1) All of the following are anticipated effects of a proposed project. Which of these should be included in the initial project cash flow related to net working capital?

a) an inventory decrease of $5000
b) an increase in accounts receivable of $1500
C)an increase in fixed assets of $7600
d) a decrease in accounts payable of $2100.
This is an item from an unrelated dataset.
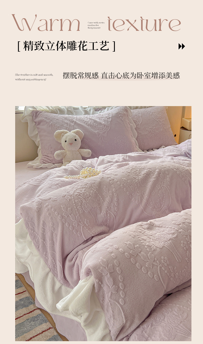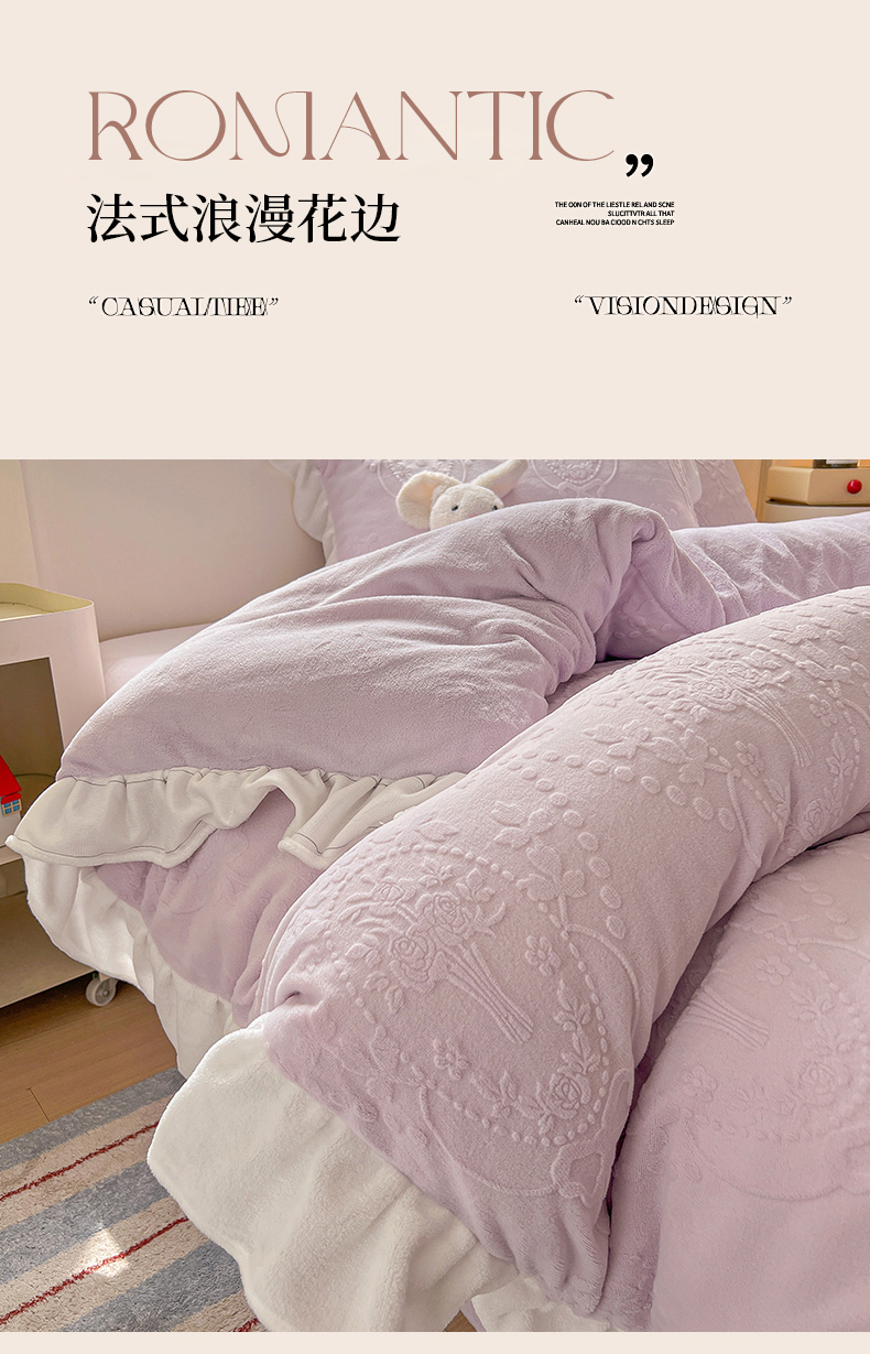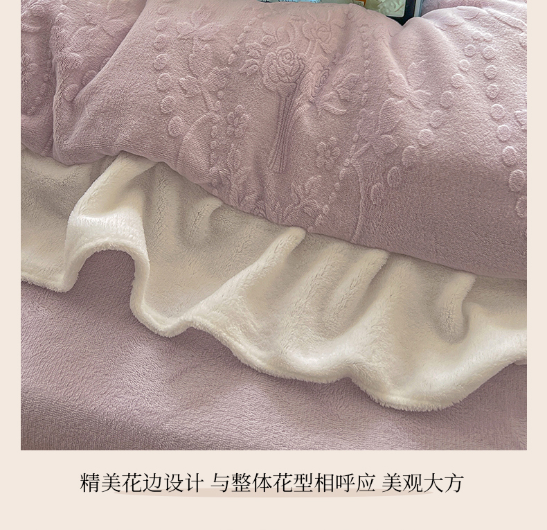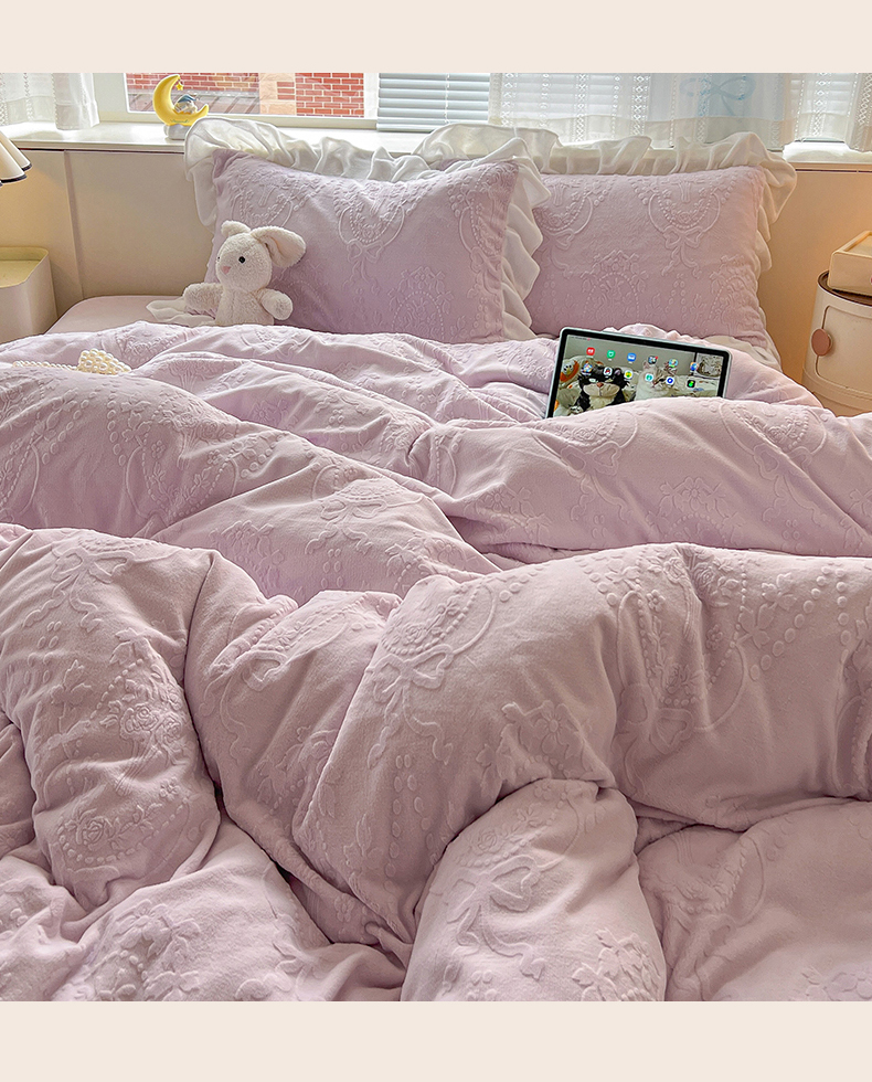 当前位置: 91家纺网 > 商品网购 > 床品套件 > 四件套 > 牛奶绒四件套 > 亿梵家居 2025新款法式花边款A类5D牛奶绒立体雕花四件套(提供买家秀) 花边款 手捧花-新媚紫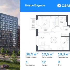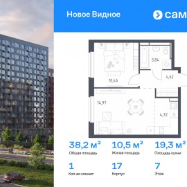 Строим кварталы для жизни с заботой о будущем. Предлагается 1-комнатная квартира комфорт-класса 38, 87 кв.м в корпусе 17 на 3 этаже, в ЖК «Новое Видное» Квартира без отделки. Доступность опции «отделка» и возможность комплектации мебелью и декором уточняйте у...

2) Joseph's & Co. purchase a corner lot in Eglon City five years ago at a cost of $640,000. The lot was recently appraised at $810,000. At the tiem of the purchase, the company spent $50,000 to grade the lot and another $4,000 to build a small building on the lot to house a parking lot attendant who has overseen the use of the lot for daily commuter parking. The company now wants to build a new retail store on the site. The building cost is estimated at $1.2 million. What amount should be used as the initial cash flow for this building project?

3) Walks Softly, Inc sells customized shoes. Currently, it sells 10, 000 pairs of shoes annually at an average price of $68 a pair. It is considering adding a lower-priced line of shoes which sell $49 a pair. Walks softly estimates it can sell 5,000 pairs of the lower-priced shoes but will sell 1,000 less pairs of the higher-priced shoes by dong so. What is the amount of the sales that should be used when evaluating the addition of the lower-priced shoes?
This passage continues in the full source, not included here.